Exercise:
Repeat, exactly and with no pictures, the lines that run from the beginning of the entries through the line containing "This page presents".

Information given:
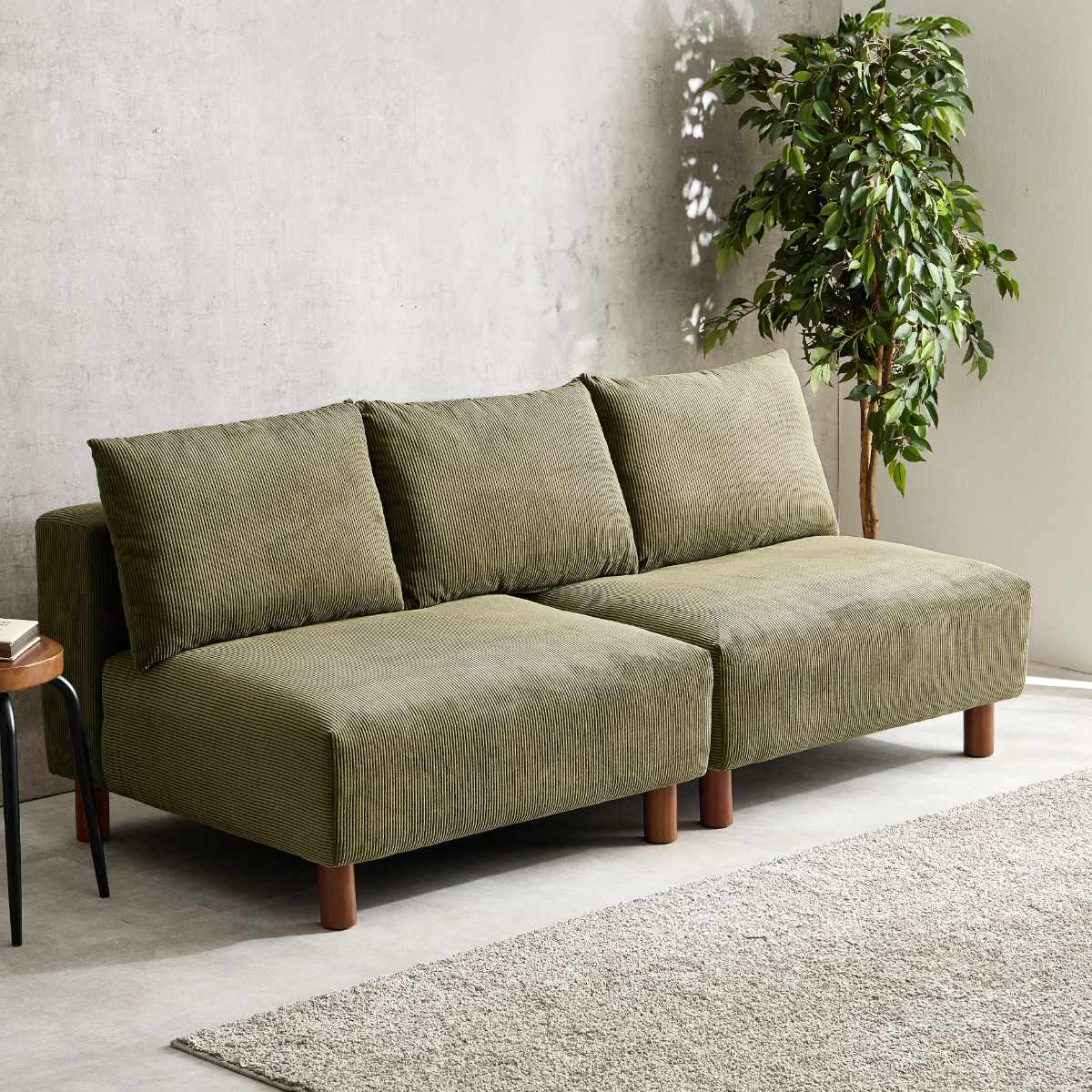 ソファ 2人掛け 幅180cm コーデュロイ生地 ゆったりソファ ( ソファー リビングソファ 座面広い 脚付き 脚 木製 天然木 取り外し クッション ローソファ セパレート ワイド アームレス フェザー入り フロアソファ おしゃれ ) 【ベージュ】
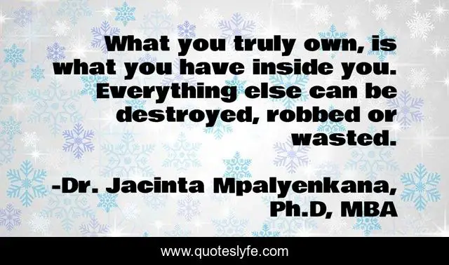 This page presents the quote "What you truly own, is what you have inside you. Everything else can be destroyed, robbed or wasted.". Author of this quote is Dr. Jacinta Mpalyenkana, Ph.D, MBA. This quote is about inner-strength, personal-development, inner-power, personal-growth,.
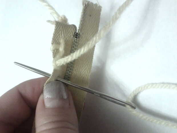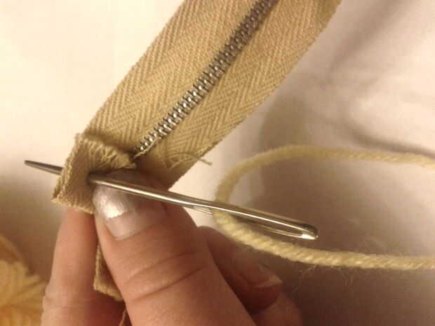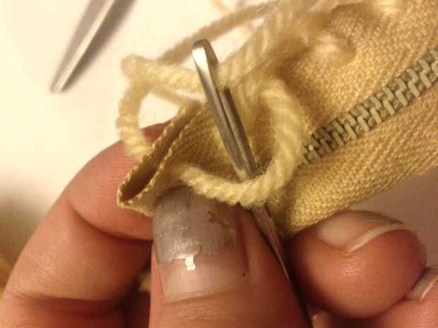 a continuación introduzca la aguja en la parte de tela de la cremallera y tire del hilo a través de. Ake que nudo final del hilo primero.
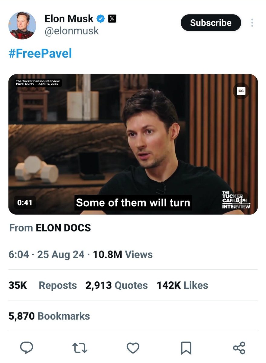 هذا وقد ضجت مواقع التواصل الاجتماعي بالمطالبة باطلاق سراح دوروف #PavelDurov فورا وانه ضحية للظلم وحماية #حرية_التعبير.
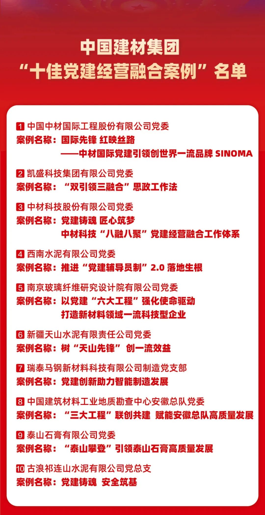 会上,发布了集团党建经营融合“十佳案例”“优秀案例”,展播了凯盛科技、泰山石膏、瑞泰马钢案例视频,中材国际、中材科技、古浪祁连山等三家获奖企业代表作经验交流。
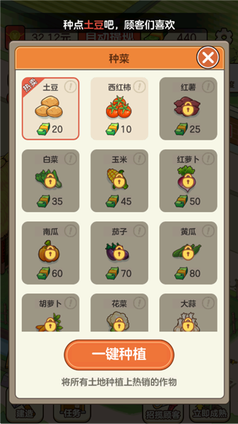 1.招揽客户,加速盈利,为农场的建设和扩张奠定坚实基础,实现蔬菜销售的成就感。

Solution:
 ソファ 2人掛け 幅180cm コーデュロイ生地 ゆったりソファ ( ソファー リビングソファ 座面広い 脚付き 脚 木製 天然木 取り外し クッション ローソファ セパレート ワイド アームレス フェザー入り フロアソファ おしゃれ ) 【ベージュ】
 This page presents the quote "What you truly own, is what you have inside you. Everything else can be destroyed, robbed or wasted.". Author of this quote is Dr. Jacinta Mpalyenkana, Ph.D, MBA. This quote is about inner-strength, personal-development, inner-power, personal-growth,.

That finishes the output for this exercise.